Remember the days when there was a brown scum around Malabar? That’s now a distant memory thanks to Sydney’s Deepwater Ocean Outfalls program introduced 25 years ago.

This week at Bondi Beach, NSW Minister for Lands and Water Niall Blair launched a Deloitte Access Economics report on Sydney Water’s Deep Ocean Outfalls that has found it has provided $2 billion in social value to residents in Sydney.

Commissioned by Sydney Water to mark the 25th year of operation of the Deep Ocean Outfalls at North Head, Bondi and Malabar, the report assessed both the economic and social value generated from improvements in water quality as a result of the outfalls.
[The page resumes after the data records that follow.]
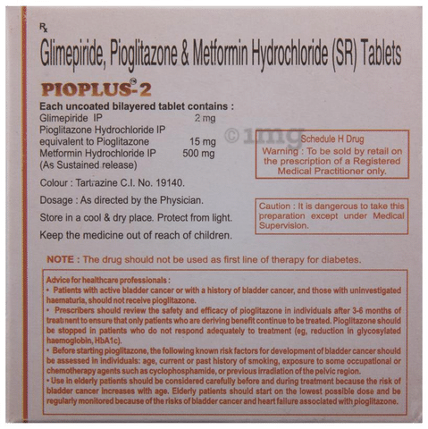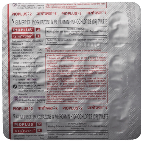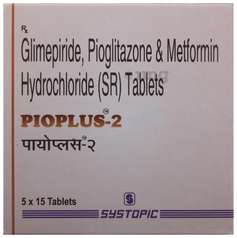 - Pioplus 2/500/15 Mg Tablet is an oral antidiabetic medication formulated to manage Type 2 Diabetes Mellitus. It combines three active ingredients—Glimepiride, Metformin, and Pioglitazone—to effectively control blood sugar levels in adults.​
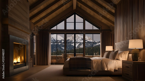 Luxurious mountain cabin bedroom, evening view, cozy fireplace, snowy peaks. Ideal for travel brochures
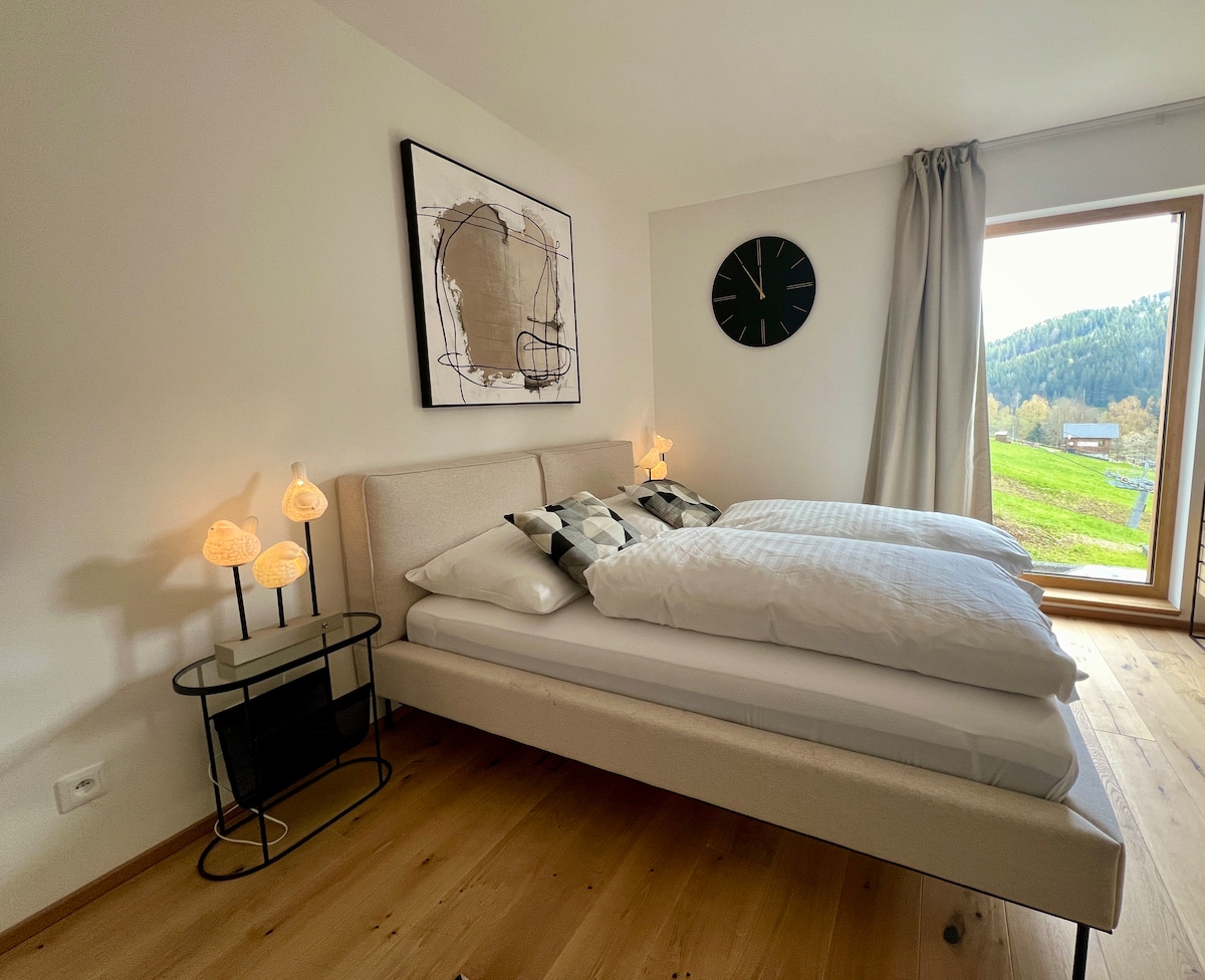 Luxurious, very comfortable and spacious, fully equipped 3-room apartment. It is located on the first above-ground floor of the Ski&Bike barrier-free building and its area is 110m2. There are two bedrooms. There is also a bathroom, a toilet and a living room with a kitchen. The apartment also includes a heated ski box. The kitchen is fully equipped, furnished with Miele appliances and for coffee lovers we offer a Nespresso coffee machine. WiFi, Sonos sound system and smart TV incl. Netflix.
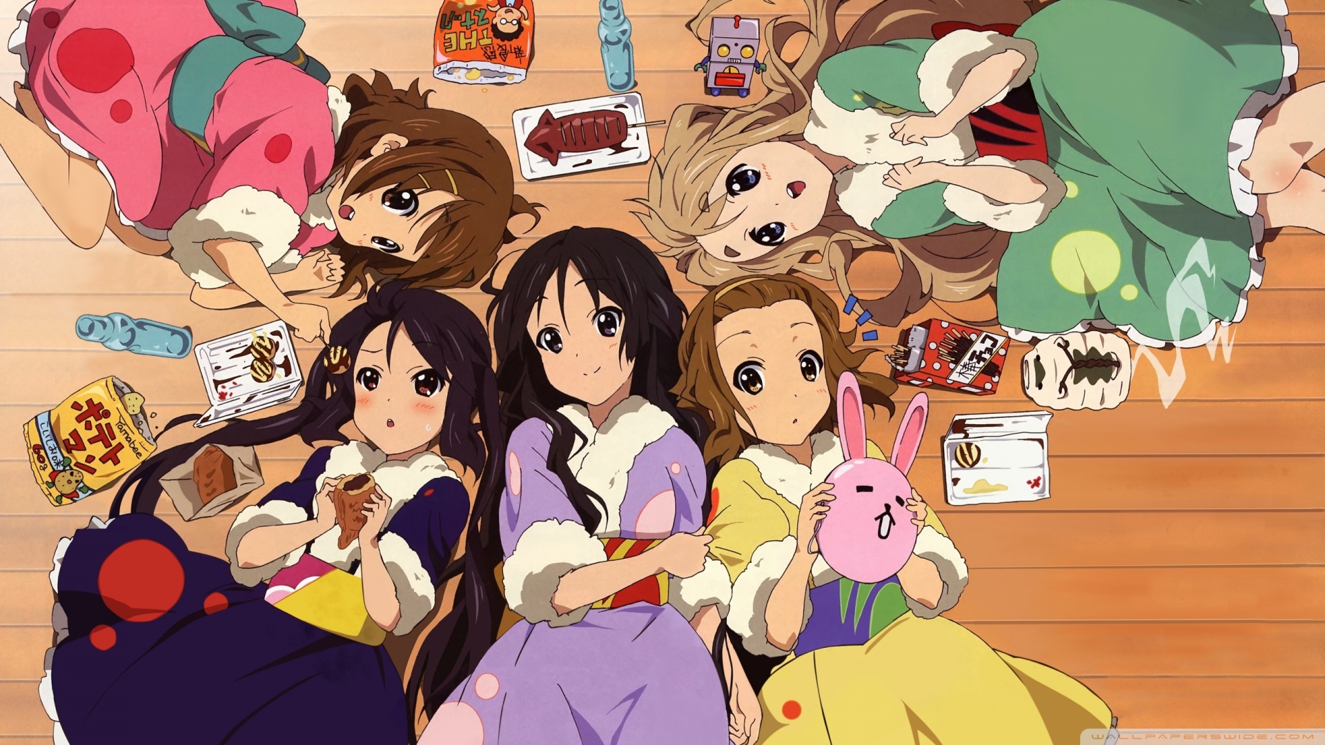 Description: A group of girls sitting on top of a wooden floor next to each other with food on them and a stuffed animal.
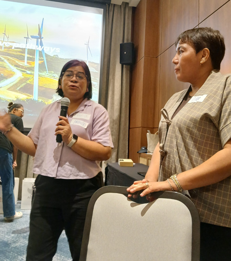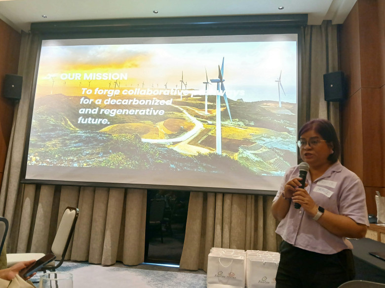 Charo Logarta Lagamon, the assistant vice president and deputy head of corporate communications of First Gen -Energy Development Corporation (EDC) shares to some members of the Davao media the current retail partners-customers of First Gen in MIndanao who opted to use renewable and low-carbon energy in their operations at Seda Hotel on Monday (Jan. 19).
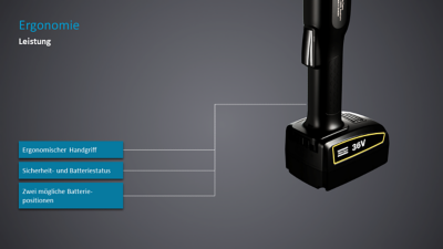 - Efficiency: Die energieeffizienteste Arbeitsweise – für eine längere Akkulaufzeit bei Anwendungen wie z.B. Verzurren und Umreifen.
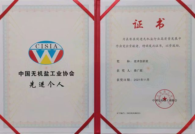 無機鹽協會表彰決定指出,為促進我國無機鹽工業規范、健康、高質量發展,充分調動廣大無機鹽從業者的積極性和創造性,宣傳和推廣新時代無機鹽各領域蹄疾步穩推進高質量發展的先進典型和寶貴經驗,表彰和鼓勵在優化結構、自主創新、綠色發展等工作中作出突出貢獻的個人,無機鹽協會決定,授予秦廣超56人第二屆中國無機鹽工業協會先進個人稱號。
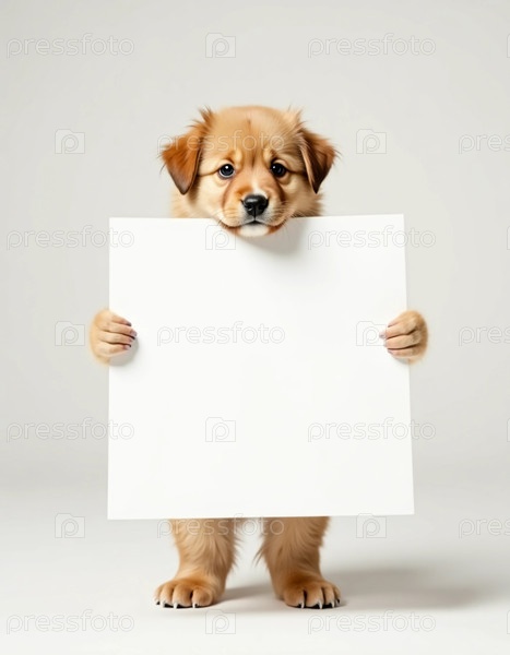Игровое щенко стоит прямо, с гордостью держит большой чистый плакат во рту

It looked at a number of different benefits including the value for Sydney residents, tourism and business contribution, health benefits, biodiversity benefits and contributions to Sydney’s iconic brand.

The main findings of the report include:

  • The Deepwater Ocean Outfall program delivered by Sydney Water 25 years ago has provided $2 billion of social value to Sydney residents attributed to the improved coastal beach water quality.
  • The total value of Sydney’s coastal beaches to its residents is around $1.3 billion per annum, of which $130 million is attributable to water quality.
  • The net value add associated with beach water quality is worth around $332 million per year to the NSW economy through domestic and international tourism and the provision of 3500 jobs.
  • The health benefits associated with beach water quality due to the avoidance of illness of beach users is estimated at $140 million per year from avoided absenteeism, calculated from an estimated 180,000 sick days saved per year.
  • In terms of biodiversity, the study suggests that changes in wastewater management, including the establishment of the Deep Ocean Outfall Program, has had a net positive impact on the biodiversity of marine communities along Sydney’s coastline, although this is difficult to quantify.
  • In terms of brand value, the study found that beaches ranked in the top three when visitors think of Sydney — alongside Sydney Harbour and the Sydney Opera House.

Malabar Offshore — pre-outfall with visible effluent plume (left) and post-outfall (right).

Minister Blair said the NSW Government’s commitment to improving coastal beach water quality through this program has ensured Sydney’s beaches are now some of the cleanest and most iconic in the world.

“The three deep ocean outfalls at North Head, Malabar and Bondi were amongst Sydney’s finest engineering feats at the time and we are now enjoying the legacy of much cleaner beaches and a number of significant economic benefits thanks to this innovative project,” Blair said.

Deloitte Access Economics Partner John O’Mahony said this first time research carried out has provided interesting economic insights into the social value of infrastructure projects.

“For the first time we have been able to quantify the significant economic dividend for Sydney from a project such as the Deep Ocean Outfalls and attribute a dollar value to the tourism, health and social benefits for Sydney as a leading global city.”

The NSW Government is committed to protecting and enhancing the environment, with a further $230 million investment into upgrade projects already underway at Malabar, North Head and Bondi Wastewater Treatment Plants.

The ‘Economic and Social Value of Improved Water Quality’ research project was carried out by Deloitte Access Economics over six months, using economic and tourism modelling, the results from 845 surveys and interviews with experts from Sydney Water, NSW Health, Surf Life Saving NSW and Tourism Australia.